The Sheriff shall be responsible for reporting to the Monitor and Class Counsel any material variances between the procedures and practices in the Jail and the provisions of this SACD. Such variances must be reported in writing within ten (10) days of becoming aware of the variance.

I. Notice to Incarcerated People of the SACD

At the time of booking, each new arrestee shall be given a copy of a booklet which accurately summarizes the provisions of this SACD. Spanish translations of this booklet must be made available.
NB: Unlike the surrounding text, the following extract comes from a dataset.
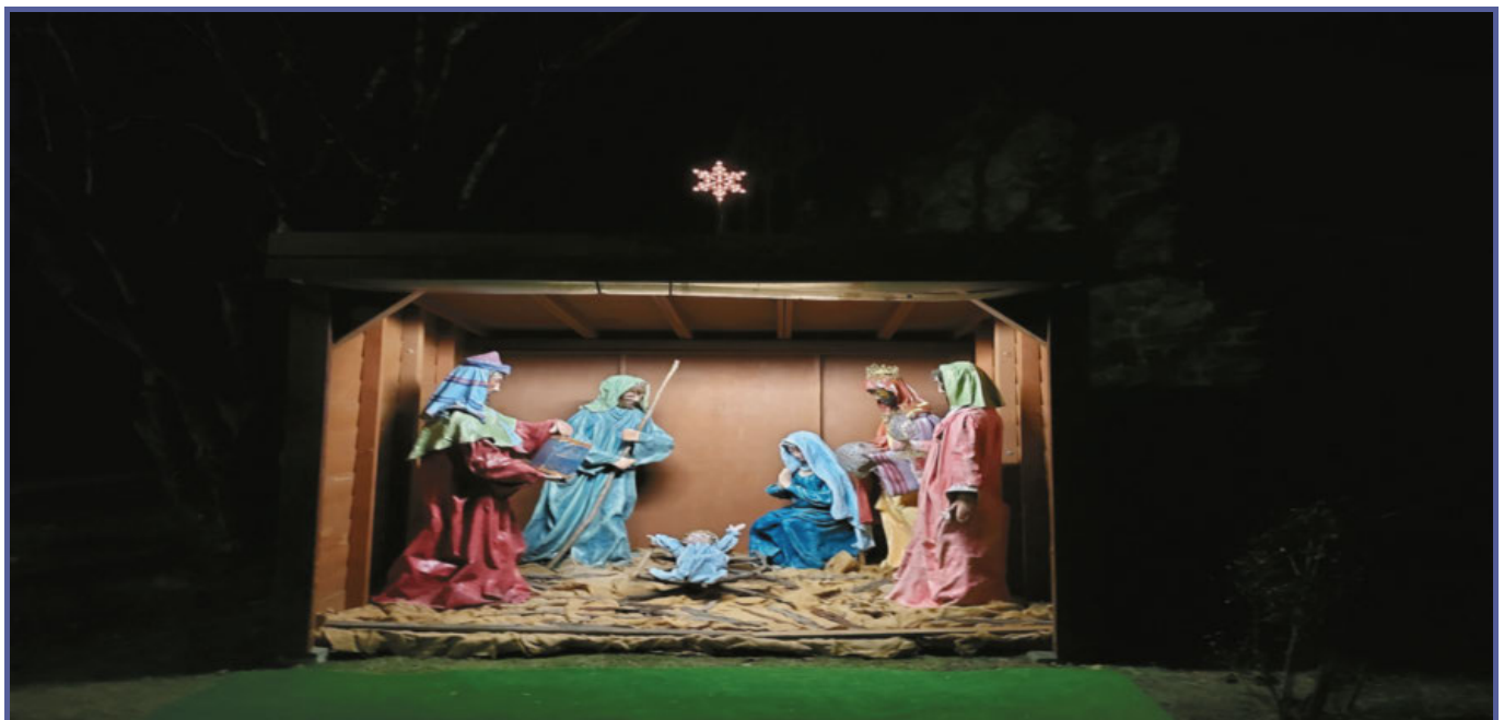
St. Peter's Creche outside Our Lady of the Rosary Chapel

If an individual cannot read the booklet, good faith efforts must be made to read or otherwise inform the incarcerated person of the content of the summary.

Defendants shall provide notice of the SACD and the names and contact information of the Monitor and Class Counsel on a poster, prominently displayed in English and Spanish (1) in the booking area in a place where all incarcerated people being booked into the Jail can see it, (2) in all housing units, (3) in the library, (4) in the area of the Jail where Defendants provide mental health care to incarcerated people, and (5) in the Jail Handbook.
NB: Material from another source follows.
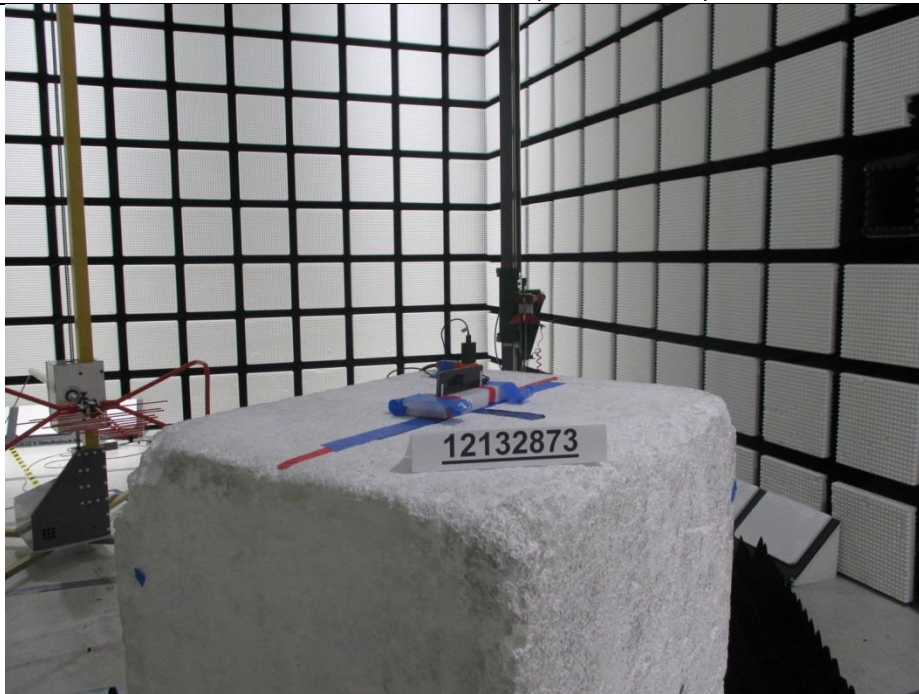
RADIATED BACK PHOTO (ABOVE 1 GHz)

IX. PROCESS FOR APPROVAL OF THE SACD

A. Court Approval

The SACD will be subject to approval by the Court. The parties agree that time is of the essence and that all reasonable efforts will be made to have final approval of this SACD granted as soon as possible.

B. Preliminary Approval by the Court

As soon as possible, but no more than fifteen (15) days of signing the fully executed SACD, Plaintiffs and Defendants will jointly submit a request to the Court to: (i) preliminarily approve the SACD, including a preliminary finding that the SACD satisfies the requirements of 18 U.S.C. § 3626(a)(1)(A); (ii) direct notice to the Class; (iii) set forth procedures and deadlines for comments and objections to the SACD; and (iv) schedule a fairness hearing.

C. Notice to Class of the SACD Pursuant to Federal Rule of Civil Procedure 23(e)

The Parties will jointly request approval by the Court of notice pursuant Federal Rules of Civil Procedure Rule 23(e). To the extent the Court determines that any modifications to the notice are required, the parties will make such modifications prior to distribution of the notice to the class. Following the Court's issuance of a preliminary approval order, the parties will immediately provide notice of the proposed SACD, advising members of the Class of the terms of the proposed SACD and their right to object to the proposed SACD. The parties will jointly request that the Court order a thirty (30) day period for members of the Class to object to the SACD. Within three (3) days after the Court has issued a Preliminary Approval Order the notice will be posted: (1) on the County's official website (www.co.yuba.ca.us/); and (2) in all Jail facilities operated by Defendants, including, but not limited to, in all dayrooms, all medical clinic spaces, the visiting area, and the intake area.

D. Objections to the SACD

Incarcerated people may object to the proposed SACD by submitting their objection to the Court in writing no later than a date set by the Court in this case after preliminary approval of the SACD.

E. Fairness Hearing

The Parties will jointly request that the Court schedule and conduct a fairness hearing to decide whether to grant approval to the SACD. At the fairness hearing, the Parties will jointly move for the Court: (i) to grant final approval to the SACD, including a finding that the SACD satisfies the requirements of 18 U.S.C. § 3626(a)(1)(A) in that the SACD is narrowly drawn, extends no further than necessary to correct the violation of the Federal right, and is the least intrusive means necessary to correct the violation of the Federal right of the Plaintiffs; (ii) to retain jurisdiction over the parties to enforce the terms of the SACD until the date the SACD terminates.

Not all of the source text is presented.